We have a bunch of probability that some event happens.

Assuming they are all independent, if all these events happened, and thus likely, the joint probability should be high.

And the path to find the parameters that make this joint probability highest is maximum likelihood estimation.

For RVs $X_1, \dots, X_n$ where each $X_i$ is IID and has the PDF $f(x_i; \theta)$, their joint PDF is:

\[f(x_1, \dots, x_n; \theta) \xlongequal{iid} \prod_{i=1}^n f(x_i; \theta)\]

Usually, this joint PDF would be seen as a function of the data $x_1, \dots, x_n$ with the parameters $\theta$ fixed, but likelihood sees this as a function of the parameters $\theta$ given the data $x_1, \dots, x_n$, and we denote:

$$ \mathcal{L}(\theta) = \prod_{i=1}^n f(x_i; \theta) $$

The likelihood is not a probability, and $\theta$ is not a random variable.


Maximum Likelihood Estimation (MLE)

Our goal is to find the parameter $\theta$ that maximizes the likelihood function $\mathcal{L}(\theta)$.

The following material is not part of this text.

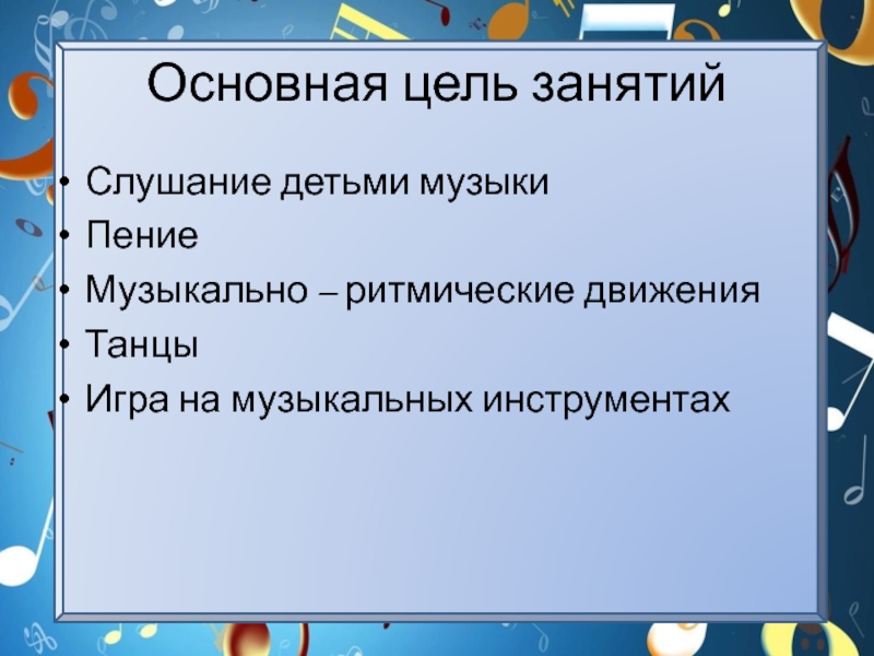 Основная цель занятийСлушание детьми музыкиПениеМузыкально – ритмические движенияТанцыИгра на музыкальных инструментах
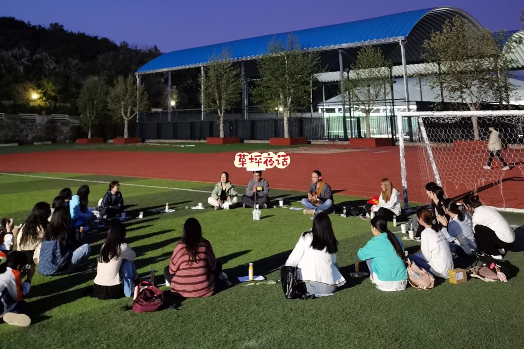 4月14日晚,外国语学院本科生党支部政治辅导员、学院党委书记李骏与本科生党员在仙林校区中苑操场开展“草坪夜话”,通过“认知自己——我是谁”“轻吟浅唱——让音乐打开心灵”“锦囊妙计——谈谈我的理想”“运动舒展——身体与灵魂的旅行”“达人心语——重塑我的信心”五个环节,展开了一场别开生面的“美的历程”。“认知自己”环节中,南京体育学院运动训练学院党总支书记葛见珠引导同学们用一句话概括自己的性格特征,在分享和倾听中认知自己、理解他人。艺术设计学院王巍老师以原创歌曲《花园里》和经典著作《小王子》,和同学们畅谈音乐与文学给人生带来的启迪、希望与美好。“锦囊妙计”环节中,每位学生党员匿名写下了“刚进校时的理想”“现在的理想”以及“当前的困惑”,老师随机抽取并进行耐心细致的解答。李骏书记表示,阅读、运动、音乐、电影等等,是大学生活中必不可少的部分,要善于发现美、欣赏美、传递美和创造美,在美的历程中树立崇高的理想信念和美好的生活愿望。学院将持续开展“夜话美好”活动,和大家一起享受大学生活“美的历程”。

So given the data $x_1, \dots, x_n$, we’re trying to find the parameter that makes the generation of this data most likely.

Log-Likelihood

Maximizing the likelihood is equivalent to maximizing the log-likelihood:

$$ \ell(\theta) = \log \mathcal{L}(\theta) = \sum_{i=1}^n \log f(x_i; \theta) $$

because the log function is monotonically increasing.

Example with Bernoulli Distribution

Let $X_1, \dots, X_n \sim \text{Bernoulli}(p)$.

The likelihood function is:

\[\begin{align*} \mathcal{L}(p) &= \prod_{i=1}^n \Pr(X_i = x_i; p) \\[1em] &= \prod_{i=1}^n p^{x_i} (1-p)^{1-x_i} \\[1em] &= p^{\sum_{i=1}^n x_i} (1-p)^{\sum_{i=1}^n (1-x_i)} \end{align*}\]

The log-likelihood function is:

\[\begin{align*} \ell(p) &= \log \mathcal{L}(p) \\[1em] &= \sum_{i=1}^n x_i \log p + \sum_{i=1}^n (1-x_i) \log (1-p) \end{align*}\]

Using calculus, we can find the value of $p$ that maximizes $\ell(p)$:

\[\frac{d\ell(p)}{dp} = 0\]

Take the derivative:

\[\begin{align*} \frac{d\ell(p)}{dp} &= \frac{\sum_{i=1}^n x_i}{p} - \frac{\sum_{i=1}^n (1-x_i)}{1-p} \\[1em] &= \frac{\sum_{i=1}^n x_i - np}{p(1-p)} = 0 \end{align*}\]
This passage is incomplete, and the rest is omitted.